The grating tilt is discussed in more detail in Appendix C where the gradient of the dispersion axis on the CCD is found to be -0.0792 pixels/Å for the EIS SW band. Despite this small value, the effect on line ratios for lines separated by several angstroms can be significant as demonstrated in Appendix C. For all of the density diagnostic lines considered here except Fe XII $\lambda $195.12 the 2D intensity arrays that arise after Gaussian fitting has been performed have been adjusted to account for the spatial offsets. The intensities have been modified according to Eq. (C.1), and the intensity errors have also been modified accordingly.

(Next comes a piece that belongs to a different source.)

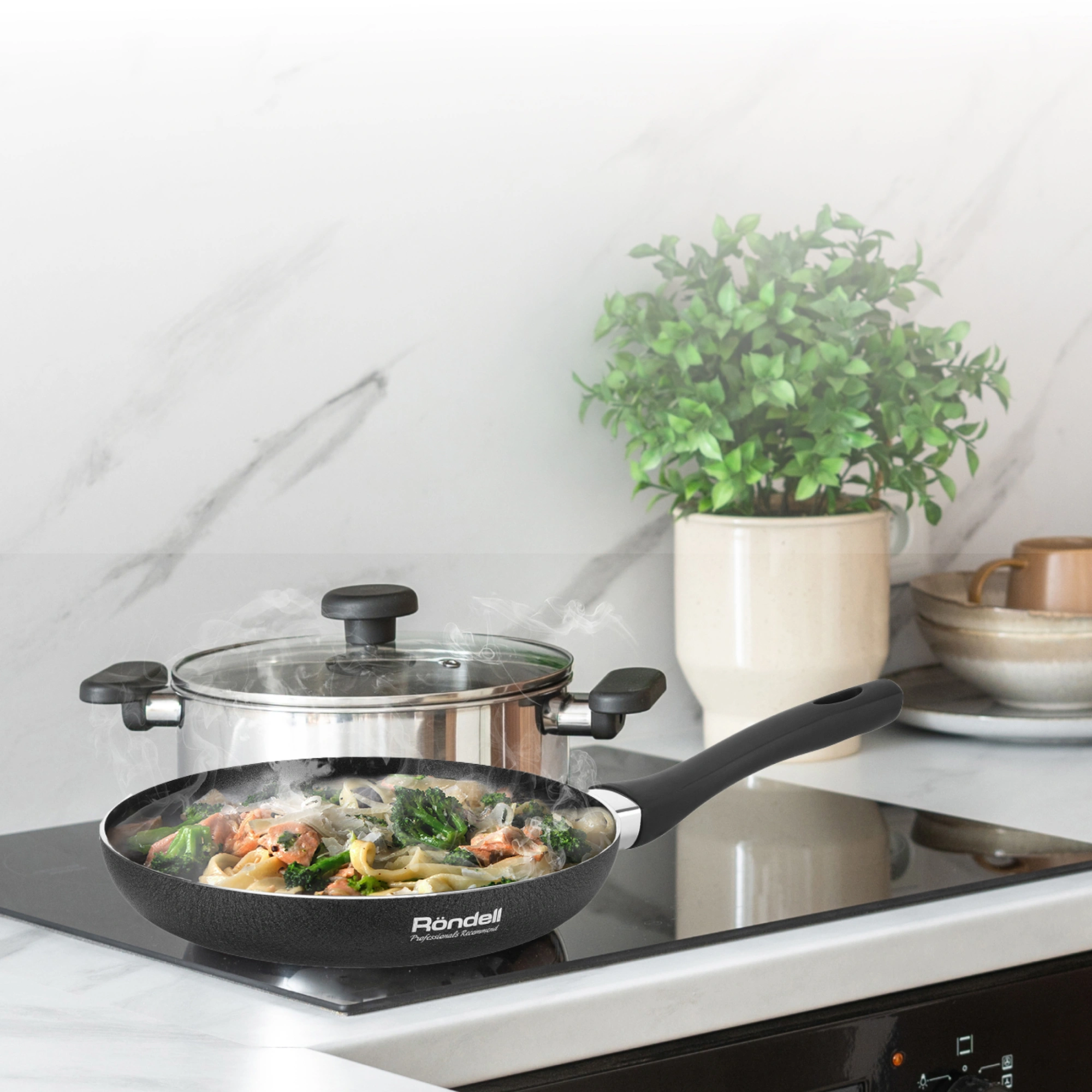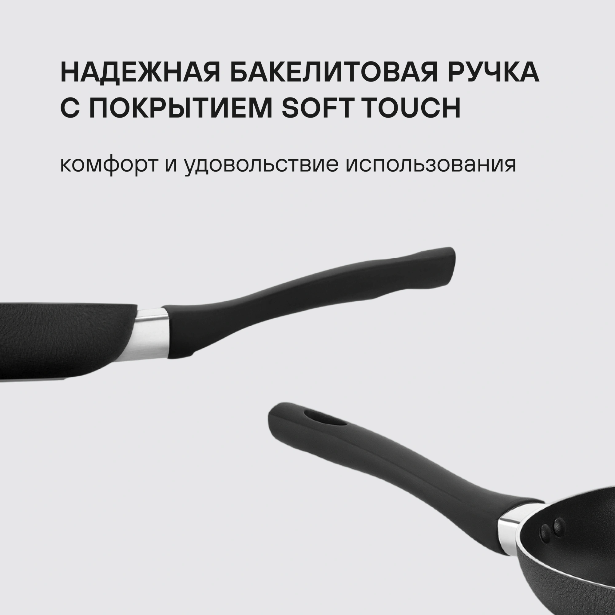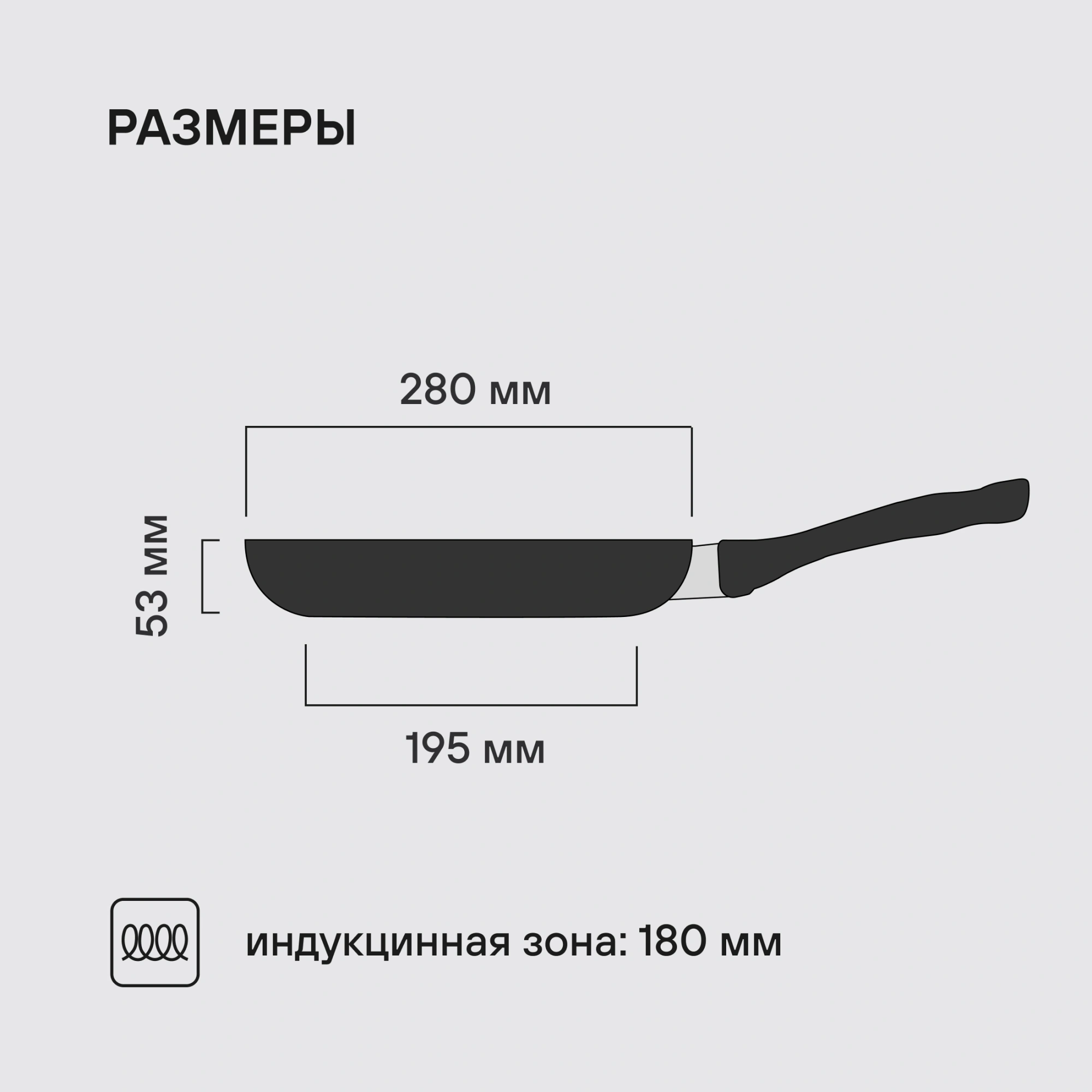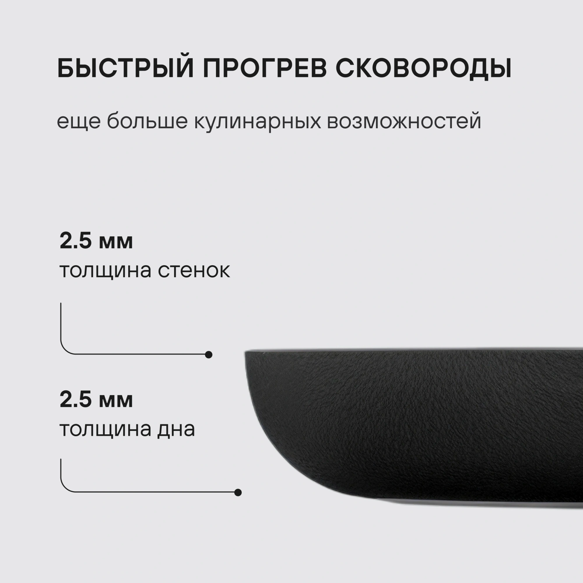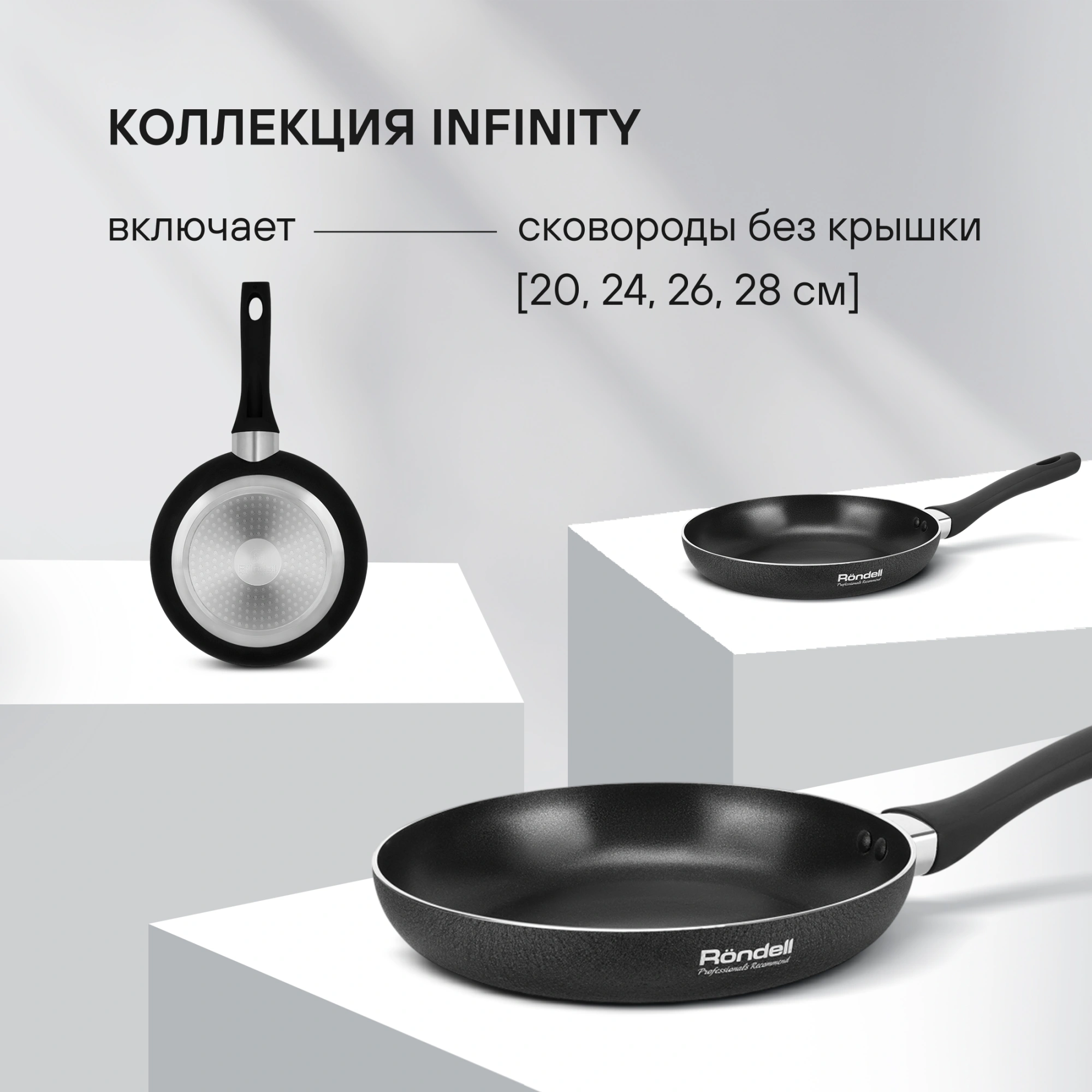 Сковорода Infinity выполнена из штампованного алюминия,  который отличается равномерным распределением тепла по поверхности,  что незаменимо для быстрого приготовления блюд. При изготовлении ручки использовался силикон и бакелит,  который не нагревается во время воздействия высоких температур.

5 Line fitting - method and blending issues

In the following sections we describe the methods used to automatically fit the density diagnostic emission lines with Gaussians. Firstly, though, we must ask two questions: is it necessary to fit Gaussians to the data? and is the Gaussian an appropriate function to use? For density diagnostic work only the line intensity is needed, so it is simply necessary to sum up the intensity from the wavelength bins containing the emission lines without the need to resort to a model for the line profile. However, as will be seen, some of the lines are blended with other lines and so it is essential to have a model for the line profile in order to resolve the blending components. Fitting the lines with Gaussians yields the line centroid and line width in addition to the intensity, which thus allow the density to be related to velocity and non-thermal broadening parameters of the solar plasma, providing a much more powerful data set for scientific analysis. The widths and velocities are also valuable for assessing the accuracy of the line fitting as will be demonstrated in Sect. 8.

As to the appropriateness of Gaussian fits, in normal conditions the EIS line profiles are found to be very well represented by a Gaussian function. In particular, no evidence is found for asymmetries or enhanced wings in the line spread function. However, non-Gaussian profiles due to real solar events are seen often with EIS and examples are given in Imada et al. (2007) and Chifor et al. (2008). Typically such events are isolated and can be readily identified following an automatic Gaussian fit to the data, as they will have anomalous line widths and/or velocities. For the data analysed in the present work there is no evidence for any significant deviations from Gaussian profiles.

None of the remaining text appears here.